Data in this exercise ▸
================

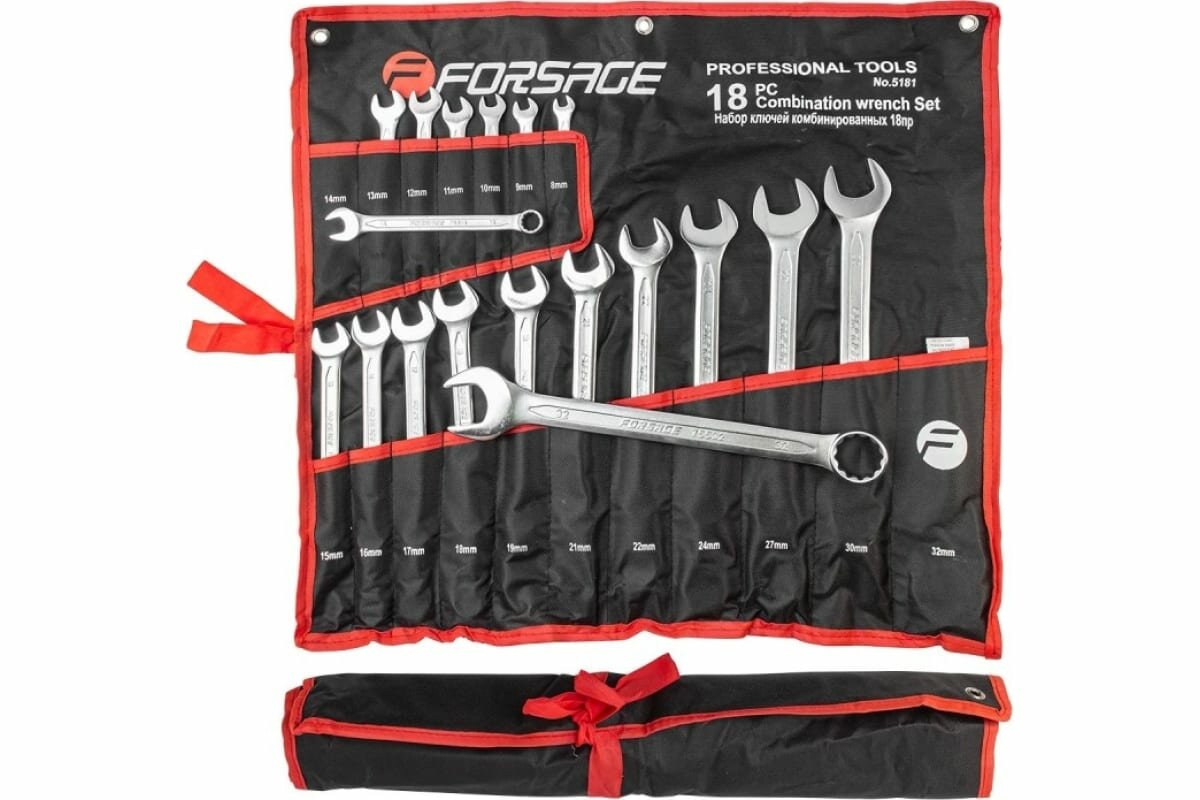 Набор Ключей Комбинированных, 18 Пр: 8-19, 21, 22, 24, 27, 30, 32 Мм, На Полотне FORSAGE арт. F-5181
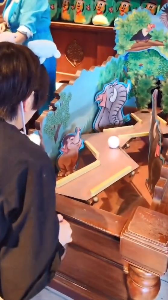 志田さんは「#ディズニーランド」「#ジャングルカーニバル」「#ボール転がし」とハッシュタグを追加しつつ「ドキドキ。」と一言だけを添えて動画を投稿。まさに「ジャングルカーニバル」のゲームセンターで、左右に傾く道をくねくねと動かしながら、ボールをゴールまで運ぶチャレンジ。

================

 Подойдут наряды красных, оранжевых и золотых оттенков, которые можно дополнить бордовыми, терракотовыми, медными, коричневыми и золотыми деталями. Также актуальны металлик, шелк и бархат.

================

What this task involves ▸ The lines to set down run from the line with "Набор Ключей Комбинированных, 18" up to and including the line with "志田さんは「#ディズニーラン" in the entries above. Reproduce them exactly, with no pictures.

Task solution ▸
 Набор Ключей Комбинированных, 18 Пр: 8-19, 21, 22, 24, 27, 30, 32 Мм, На Полотне FORSAGE арт. F-5181
 志田さんは「#ディズニーランド」「#ジャングルカーニバル」「#ボール転がし」とハッシュタグを追加しつつ「ドキドキ。」と一言だけを添えて動画を投稿。まさに「ジャングルカーニバル」のゲームセンターで、左右に傾く道をくねくねと動かしながら、ボールをゴールまで運ぶチャレンジ。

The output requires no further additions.